5) Poor financial management skills

A common trait found in adults who were spoiled as children is poor financial management skills.

Since they were frequently given what they wanted without understanding the value of money, they often struggle with budgeting and making sound financial decisions in adulthood.

They may frequently overspend, live beyond their means, or rely on others for financial support. They may also struggle to understand the importance of saving and investing for the future.

This lack of financial literacy can lead to a cycle of debt, financial instability, and stress. It’s important to note that these habits can be unlearned with proper guidance and discipline.

6) Lack of responsibility

Another common trait among adults who were spoiled as children is a lack of responsibility.

Having been catered to throughout their childhood, they often don’t understand the concept of taking ownership of their actions.

They may be quick to blame others for their mistakes or failures, failing to acknowledge their own role in the outcome.

This avoidance of responsibility can be detrimental in both personal and professional settings.

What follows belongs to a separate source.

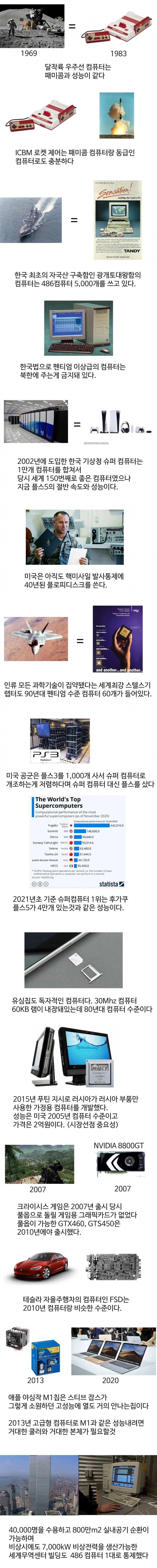 컴퓨터는 필요 목적에 따라 있으면 되는거임연산에 빠른속도가 필요가없고, 연산속도가 느리고, 공정이 세밀하지않을수록안정성은 그만큼 올라감에러뜨면 치명적인 상황을 유발할수있는 항법장비나 핵미사일 발사코드 같은게 구닥다리 컴퓨터가 들어가는 이유임

It can hamper their growth and learning, as acknowledging mistakes is key to personal development and improvement.

7) Difficulty in maintaining long-term relationships

The final common behavior exhibited by adults who were spoiled as children is difficulty in maintaining long-term relationships.

This struggle is often a product of the previous behaviors we’ve discussed, such as a lack of compromise, an inflated sense of entitlement, and an inability to take responsibility.

These traits can make it challenging for them to develop meaningful, lasting relationships.

They may have unrealistic expectations from their partners or friends, struggle with conflict resolution, or fail to consider others’ needs and feelings.

Long-term relationships require mutual respect, understanding, and the ability to compromise – traits that adults who were spoiled as children often find hard to cultivate.

Shape your destiny: Rewire, transform, thrive!

In essence, it’s crucial to realize that while your upbringing may have shaped you, it does not define you. As adults, we have the power to rewire our behaviors and cultivate healthier habits.

Self-awareness is key. Acknowledge these behaviors, understand where they stem from, and consciously work towards transforming them.

Seek professional help if needed – therapists, counselors, and coaches can provide valuable insights and tools to navigate this journey.

Remember, change is a process and it takes time. Be patient with yourself, celebrate small wins, and don’t be disheartened by setbacks. It’s not about achieving perfection but about continuous growth and development.

Even as parents, being aware of these behaviors can help prevent the cycle from repeating with your children.

Strive for a balanced approach to parenting – one that fosters independence, resilience, empathy, and responsibility in your children.